Even though it is bitterly cold here (hopefully Russia will let us have some more gas for heating soon), the early morning is absolutely my favorite time of the day.  I wake up when it is still dark, though by the time I walk or run around the first few blocks, a little light is sneaking through the sidestreets.  Not the sun, yet, but definitely day.


A few minutes later, the sunlight announces itself in the windowsills.  In the 13th district, people hurry their kids to school, are walking to work, waiting for the tram, buying bread, sweeping front stoops.  Though within the beginning work of the day, it is still very peaceful, the color calming.


By the time I arrive home, and step out on the balcony for a cup of coffee and a quick glance at the Danube, the morning has fully arrived on the old apartment building across the street. These are thing things that make winter worth waking up for.  It’s that little something that walking you through the cold.
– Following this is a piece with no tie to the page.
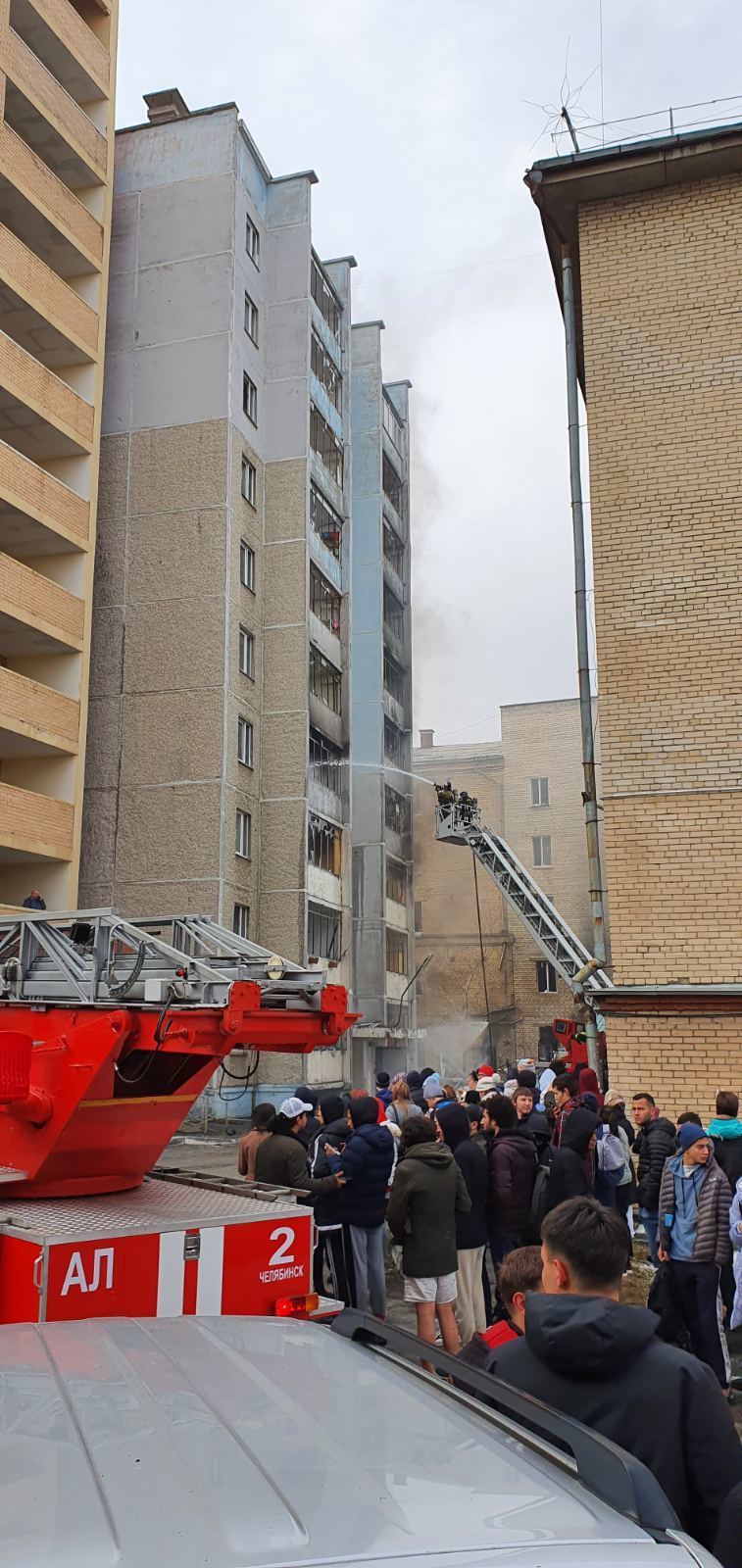 Очевидцы также сообщают, что после взрыва начался пожар в соседнем общежитии, жильцов эвакуировали, сейчас они стоят на улице.

Györgyi thinks these buildings are ugly and is worried about what people will think about Hungary because of them.  And I understand because most people I run into in America conjure up images of Hungary as a place where people wear folk outfits to work and ride donkeys on the weekends for fun, where old alcoholic communists live in big blocks of flats and smoke cartons of cigarettes a day in the freezing, rainy, gloomy, streets.  But ugly is definitely a relative term, though I never really thought about this blog as a reperesentation of Hungary as a whole, but rather moments of a day.  And from only my experience.  I don’t really have an opinion about what’s certifiably beautiful or certifiably ugly here.  True, in some of the old buildings, the outer layer has chipped away.  In the Castle District they glue a plaque next to it, write a date on it, to show just how many layers/years have passed as a kind of proof of the lovliness of history.  In parts of the city, like in Pest, or in our 13th District, a plaque would be a little condescending, I suppose, especially for the non-tourists that live in the houses, perhaps have, for generations.  Our building was once a cotton factory, afterall, and I like to imagine what the walls looked like before they rebuilt them, put in gallery windows and a pool.

Maybe writers have an annoying quality to romanticize things that can’t or shouldn’t be made better with words, or maybe because of my experience as a kid growing up in a decidedly unattractive but likewise charming industrial city like Akron, Ohio, I have a different perspective now.  But I would be remiss not to acknowledge that the perspective is mine alone, and this city is certainly not mine to make claims on.  But I find the clean, cool, albeit old pathways charming.  The light soothing.  And I’m glad to hang my hat here awhile.